[Start of Attachment]
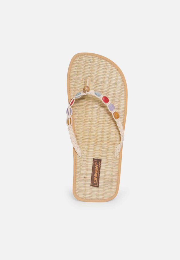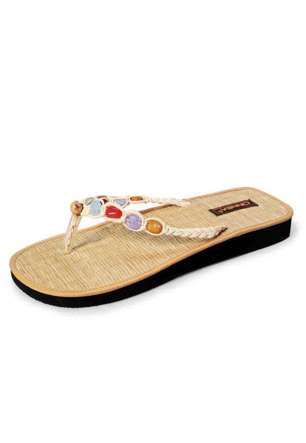 Das Fußbett ist aus Naturbinsen gearbeitet, dies fördert die Vitalität, da die Fußmeridianen angeregt werden und die Fußsohlen angenehm zart massiert werden. Gleichzeitig wird so die Hornhautbildung vermindert. Unterhalb dieses Fußbettes ist die bewährte Zimt-Kräutermischung eingearbeitet. Dies wirkt sich bei jedem Schritt positiv auf das Wohlbefinden aus und sorgt für wohltemperierte Füße. An heißen Sommertagen ebenso, wie an kühlen, lauen Abenden.
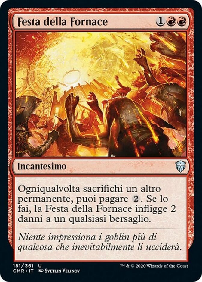 | Rules | Whenever you sacrifice another permanent, you may pay . If you do, Furnace Celebration deals 2 damage to any target. |
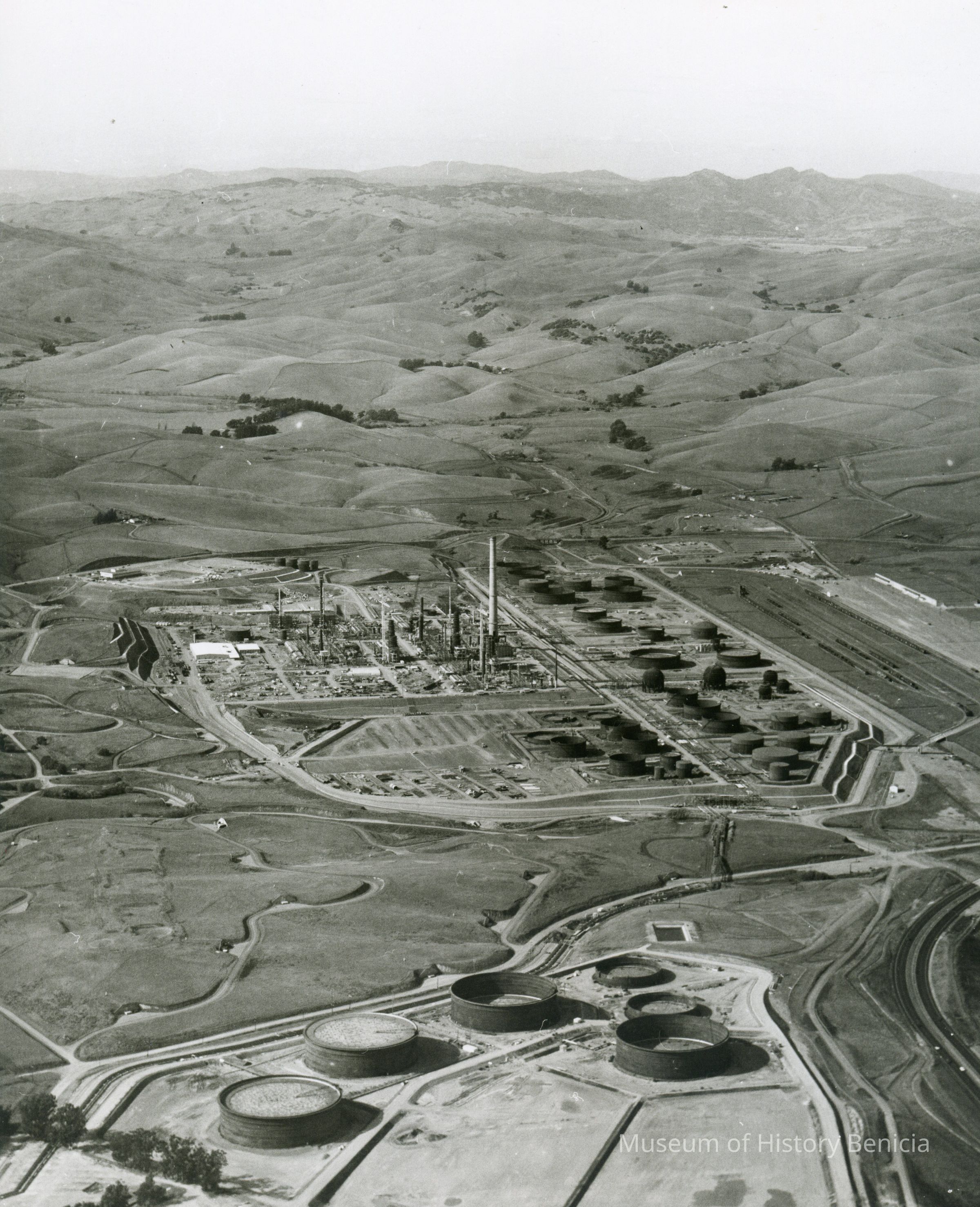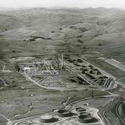 looking north east: across top: empty hills spotted with trees; across center: refinery equipment being assembled, tall smoke stack (in center) storage tanks under construction, railroad cars on sidings, warehouses; across bottom: in-ground storage bunkers with access roads, more storage tanks.Collection
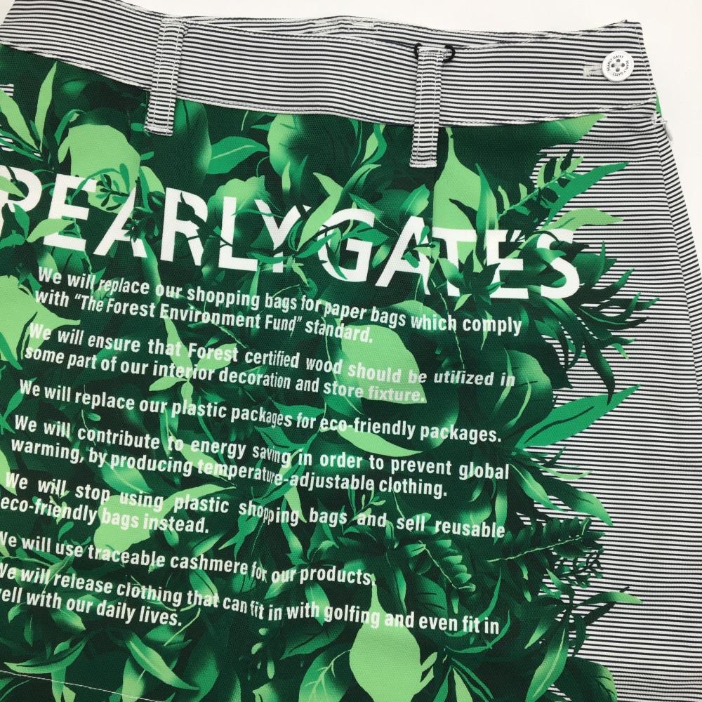 【新品】パーリーゲイツ スカート 白×ネイビー×グリーン リーフ柄 ストライプ レディース 00(XS) ゴルフウェア PEARLY GATES
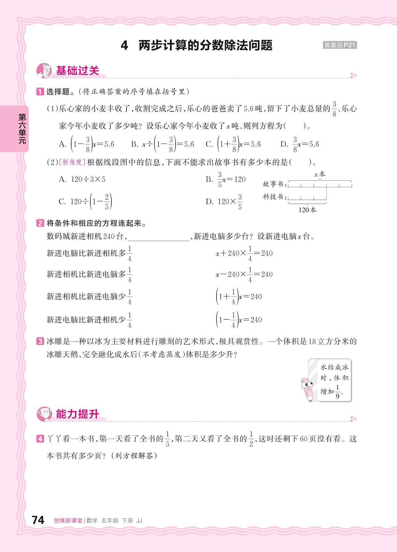 2024春下册五年级数学冀教版 第六单元 分数除法——4. 两步计算的分数除法问题
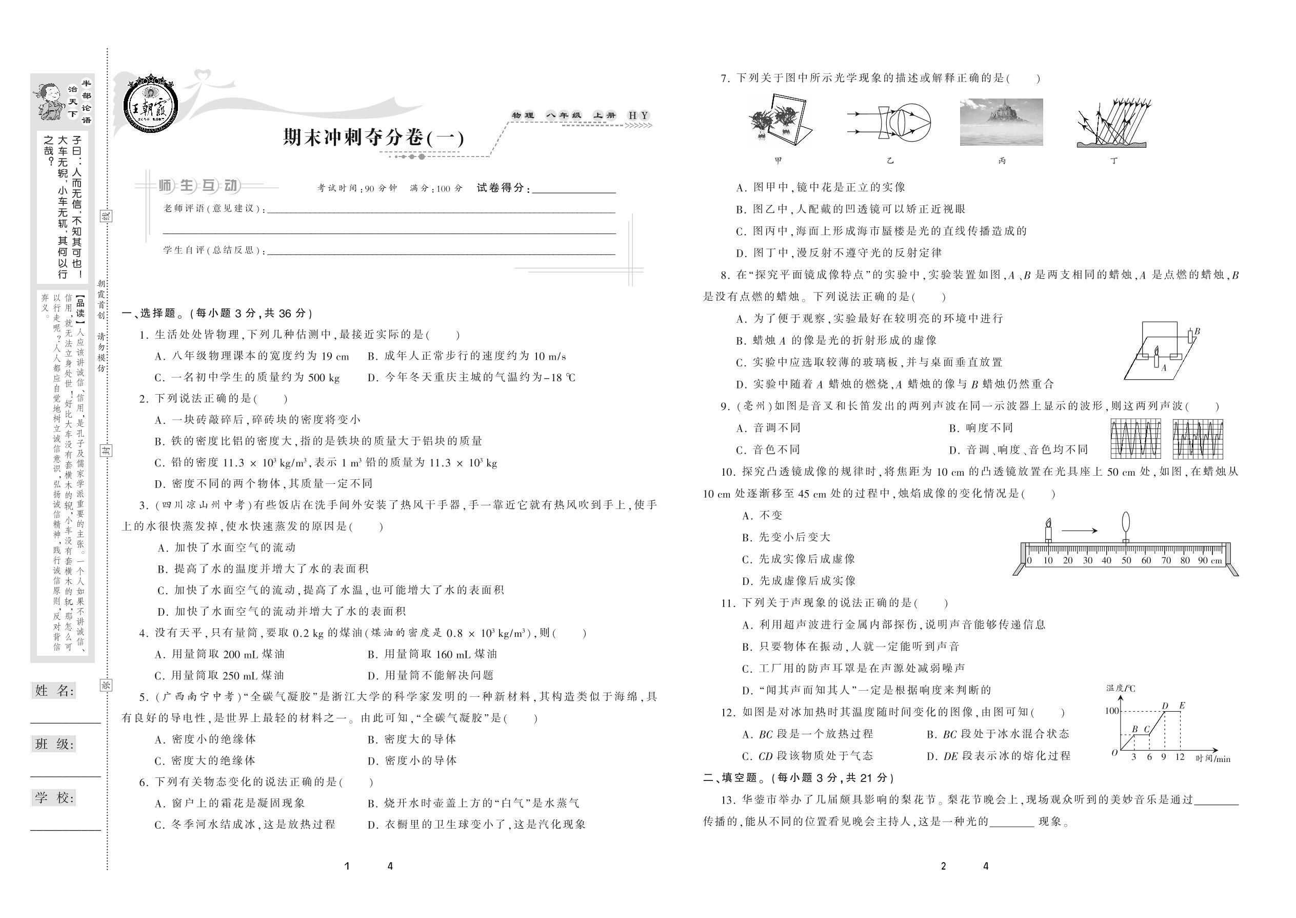 2020上册八年级物理沪粤版 期末冲刺夺分卷(一)
[End of Attachment]
What to produce: The output should be the lines from the one with "2024春下册五年级数学冀教版 第六单元 分数除法——4. 两步计算的分数除法问题" through the end of the material above, both ends included, printed exactly and nothing else. Drop the pictures.

Completed task:
 2024春下册五年级数学冀教版 第六单元 分数除法——4. 两步计算的分数除法问题
 2020上册八年级物理沪粤版 期末冲刺夺分卷(一)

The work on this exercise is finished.